Tag Archives: violence

I won’t tolerate rude behavior

Israeli soldier and a couple of Palestinian children in the ‘occupied territories’.

Hi readers.   Thanks for coming by for a read.

How in the world did we human beings come to be such violent animals?

It’s tempting to conjecture it was after we became ‘civilized’, but that can’t be it.   A person would have to search deeply and far to find aboriginals who aren’t as savage as the Israeli soldier pictured above.    People anywhere no matter what their level of weaponry, cultural sophistication, religious convictions, when they discover someone has something they want, become savages.

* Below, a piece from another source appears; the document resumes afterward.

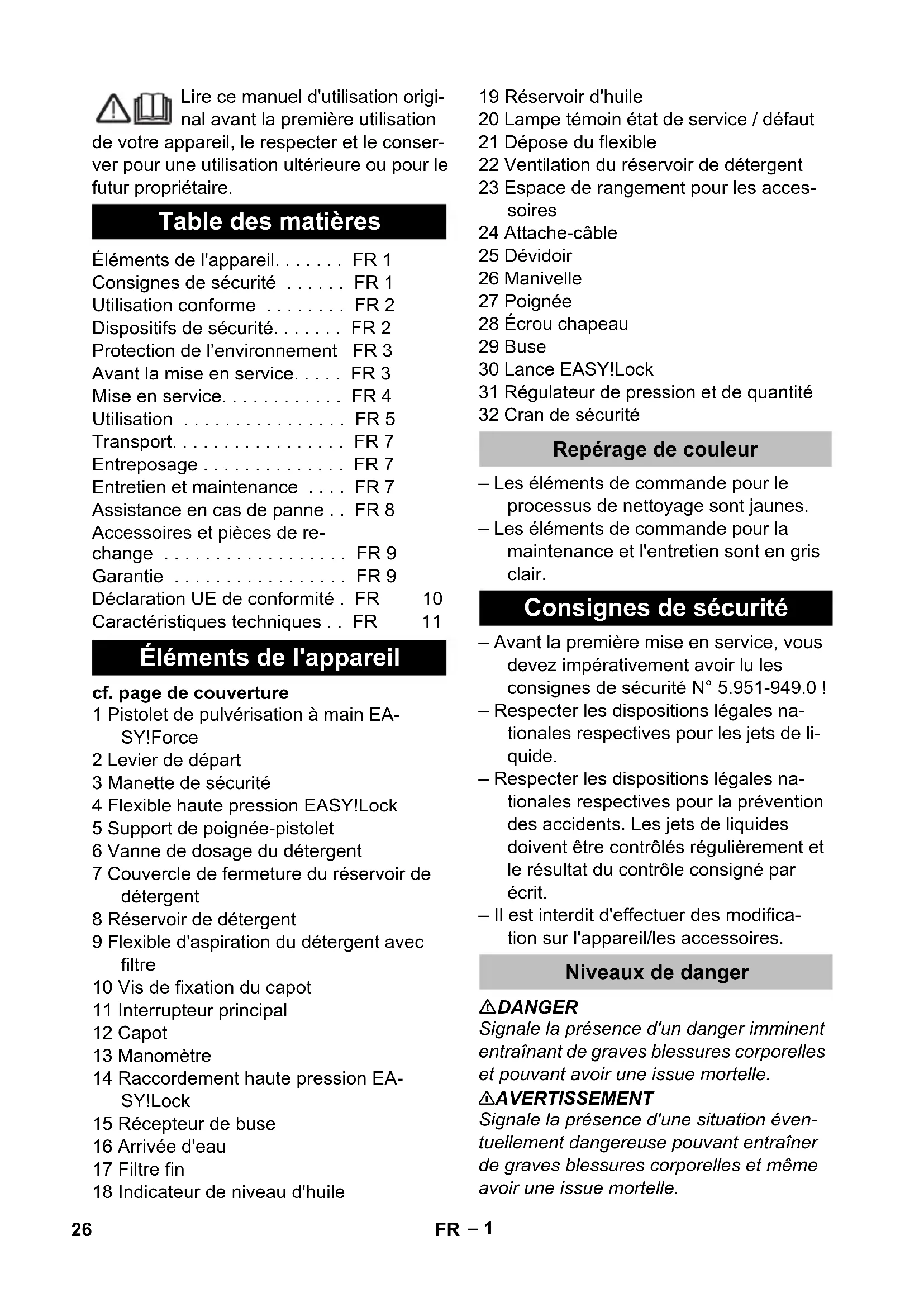 - 1.286-902.0: 75,5 kg; 1.286-903.0: 75,7 kg; 1.286-913.0: 69,1 kg; 1.286-927: 82,5 kg ** 1.286-914.0: 77,5 kg; 1.286-928.0: 86 kg 25EN– 1 Lire ce manuel d'utilisation origi- nal avant la première utilisation de votre appareil, le respecter et le conser- ver pour une utilisation ultérieure ou pour le futur propriétaire. cf. page de couverture 1 Pistolet de pulvérisation à main EA- SY!Force 2 Levier de départ 3 Manette de sécurité 4 Flexible haute pression EASY!Lock 5 Support de poignée-pistolet 6 Vanne de dosage du détergent 7 Couvercle de fermeture du réservoir de détergent 8 Réservoir de détergent 9 Flexible d'aspiration du détergent avec filtre 10 Vis de fixation du capot 11 Interrupteur principal 12 Capot 13 Manomètre 14 Raccordement haute pression EA- SY!Lock 15 Récepteur de buse 16 Arrivée d'eau 17 Filtre fin 18 Indicateur de niveau d'huile 19 Réservoir d'huile 20 Lampe témoin état de service / défaut 21 Dépose du flexible 22 Ventilation du réservoir de détergent 23 Espace de rangement pour les acces- soires 24 Attache-câble 25 Dévidoir 26 Manivelle 27 Poignée 28 Écrou chapeau 29 Buse 30 Lance EASY!Lock 31 Régulateur de pression et de quantité 32 Cran de sécurité – Les éléments de commande pour le processus de nettoyage sont jaunes. – Les éléments de commande pour la maintenance et l'entretien sont en gris clair. – Avant la première mise en service, vous devez impérativement avoir lu les consignes de sécurité N° 5.951-949.0 ! – Respecter les dispositions légales na- tionales respectives pour les jets de li- quide. – Respecter les dispositions légales na- tionales respectives pour la prévention des accidents. Les jets de liquides doivent être contrôlés régulièrement et le résultat du contrôle consigné par écrit. – Il est interdit d'effectuer des modifica- tion sur l'appareil/les accessoires. DANGER Signale la présence d'un danger imminent entraînant de graves blessures corporelles et pouvant avoir une issue mortelle. 몇 AVERTISSEMENT Signale la présence d'une situation éven- tuellement dangereuse pouvant entraîner de graves blessures corporelles et même avoir une issue mortelle. Table des matières Éléments de l'appareil. . . . . . . FR 1 Consignes de sécurité . . . . . . FR 1 Utilisation conforme . . . . . . . . FR 2 Dispositifs de sécurité. . . . . . . FR 2 Protection de l’environnement FR 3 Avant la mise en service. . . . . FR 3 Mise en service. . . . . . . . . . . . FR 4 Utilisation . . . . . . . . . . . . . . . . FR 5 Transport. . . . . . . . . . . . . . . . . FR 7 Entreposage . . . . . . . . . . . . . . FR 7 Entretien et maintenance . . . . FR 7 Assistance en cas de panne . . FR 8 Accessoires et pièces de re- change . . . . . . . . . . . . . . . . . . FR 9 Garantie . . . . . . . . . . . . . . . . . FR 9 Déclaration UE de conformité . FR 10 Caractéristiques techniques . . FR 11 Éléments de l'appareil Repérage de couleur Consignes de sécurité Niveaux de danger 26 FR– 2 몇 PRÉCAUTION Remarque relative à une situation poten- tiellement dangereuse pouvant entraîner des blessures légères. ATTENTION Remarque relative à une situation éven- tuellement dangereuse pouvant entraîner des dommages matériels. Une utilisation incorrecte des jets haute pression peut présen- ter des dangers. Le jet ne doit pas être diri- gé sur des personnes, animaux, installa- tions électriques actives ni sur l'appareil lui- même. Selon les directives en vigueur, l'appareil ne doit jamais être ex- ploité sans séparateur de système sur le réseau d'eau potable. Utili- ser un séparateur de système approprié de la société KÄRCHER ou en alternative un séparateur système selon EN 12729 type BA. L'eau qui s'est écoulée à travers un sépara- teur système est classifiée comme non po- table. 몇 PRÉCAUTION Toujours connecter le séparateur de sys- tème à l'alimentation en eau, et jamais di- rectement à l'appareil. Utiliser exclusivement ce nettoyeur haute pression – pour nettoyer au jet basse pression et avec du détergent (par exemple pour le nettoyage de machines, véhicules, bâti- ments, outils), – pour nettoyer au jet haute pression sans détergent (par ex. nettoyage de façades, de terrasses, d'appareils de jardinage). Pour des salissures tenaces nos recom- mandons le fraiseur de saleté comme ac- cessoire en option. Exigences à la qualité d'eau : ATTENTION Utiliser uniquement de l'eau propre comme fluide haute pression. Des saletés en- traînent une usure prématurée ou des dé- pôts dans l'appareil. Si de l'eau de recyclage est utilisée, les va- leurs limites suivantes ne doivent pas être dépassées. Les dispositifs de sécurité ont pour but de protéger l'utilisateur et ils ne doivent donc jamais être désactivés ni évités. En cas de réduction de la quantité d'eau avec le réglage de pression/quantité, la cla- pet de décharge s'ouvre et une partie de l'eau est évacuée vers le côté aspiration de la pompe. Symboles sur l'appareil Utilisation conforme Valeur de pH 6,5...9,5 conductivité électrique * Conductivité de l'eau du ro- binet +1200 µS/cm substances qui se dé- posent ** < 0,5 mg/l substances qui peuvent être filtrées *** < 50 mg/l Hydrocarbures < 20 mg/l Chlorure < 300 mg/l Sulfate < 240 mg/l calcium < 200 mg/l Dureté globale < 28 °dH < 50 °TH < 500 ppm (mg CaCO

And what they want doesn’t have to be, as in the case of the Israelis, land to steal from the people who own it.    Virtually anything of current value will do, and almost any quantity.    Or, failing that, when it comes to killing the ambiguous and abstract can serve as well.

I suppose we’re fond of telling ourselves that unlike our savage ancestors, our own killing and stealing is necessary, patriotic if it’s done by soldiery.   Or if it’s done because of some threat we can contrive the people we wish to kill or rob pose to our tribe.    From down in the streets in drive-by shootings all the way up through the braided channels of finance, race, ethnicity, language and tribe in the undercurrent of our lives.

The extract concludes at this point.